The last thing I’ll note for context is that the document below continues our perpetual quest to find the right way to answer a key question: So, what is Slack? We had taken a shot with our single-page website, choosing one main headline: Be less busy. But we’d also hedged our bets and included many of our other positioning options as sub sections on the page. So we remained open and curious about what really worked.
Okay, enough preamble. Warm up the time machine.
1,000 Slack Invites
September, 2013
For the last ~3 weeks we’ve been doing manual and automated invitations for teams to create their own Slack account from the list of people who have signed up once we announced our preview release on August 14. In that time we have invited just under 1,000 teams and I wanted to share some of the things I’ve noticed going through all those signups.

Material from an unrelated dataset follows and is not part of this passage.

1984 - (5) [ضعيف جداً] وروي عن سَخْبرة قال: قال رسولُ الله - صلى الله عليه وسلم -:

I’m drawing the observations below mostly from:
Viewing the data people entered in the feedback form, especially the What makes you interested in Slack? free-form answers,
Visiting the company websites of the teams they work with,
Reading the explicit feedback they have provided to us in replies to their invitations or welcome emails and
Watching what happens once they act on the invitation.

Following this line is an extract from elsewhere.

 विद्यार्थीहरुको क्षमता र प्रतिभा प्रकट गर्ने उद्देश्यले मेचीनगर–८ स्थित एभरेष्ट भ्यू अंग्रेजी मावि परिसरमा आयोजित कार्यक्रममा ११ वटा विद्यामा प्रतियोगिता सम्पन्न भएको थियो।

2 caveats to frame the observations, one general and one specific:
Generally, what people say and what they do are almost never the same. Often what they say and what they do can be quite different, so we need to both listen to what they say (or read what they type) and watch what they do (usage stats).
Specifically, in combing through the signups, I'm being a total anglophile with regard to who I invite. If I infer they aren’t English speakers, I don't send them an invite because we're looking for user feedback, which is hard enough to get without also having to make sense of information through a language barrier.
Observations from 1,000 Slack invitations
1. Replacement for email is an immensely powerful promise to make and position to take in the market. People love it. It touches a very sensitive place in a very good way. My only concern is that it's a negative position – it's against something instead of standing for something. It may be that it will work just fine that way and people will fill in the blank of what it's for with their own hope. For example, this description:
"I run our customer support organization and have about 65 people in three states. I feel like I spend all my time hawking over my inbox. We also have a hard time because our front line people often miss messages that are critical or just don't read them.
I just said yesterday to one of my team members - "What if we just got rid of email all together for support".
I would love a way to combine email, project, and group notification across multiple geographies into one place!"
2. Search and archive are powerful as well, though not as prevalent as No Email in people’s reactions. My sense is these benefits are more appealing to (1) power users who have reached a level of maturity with their tools and want something better or (2) technical users who understand how the tools could be working so much better for them.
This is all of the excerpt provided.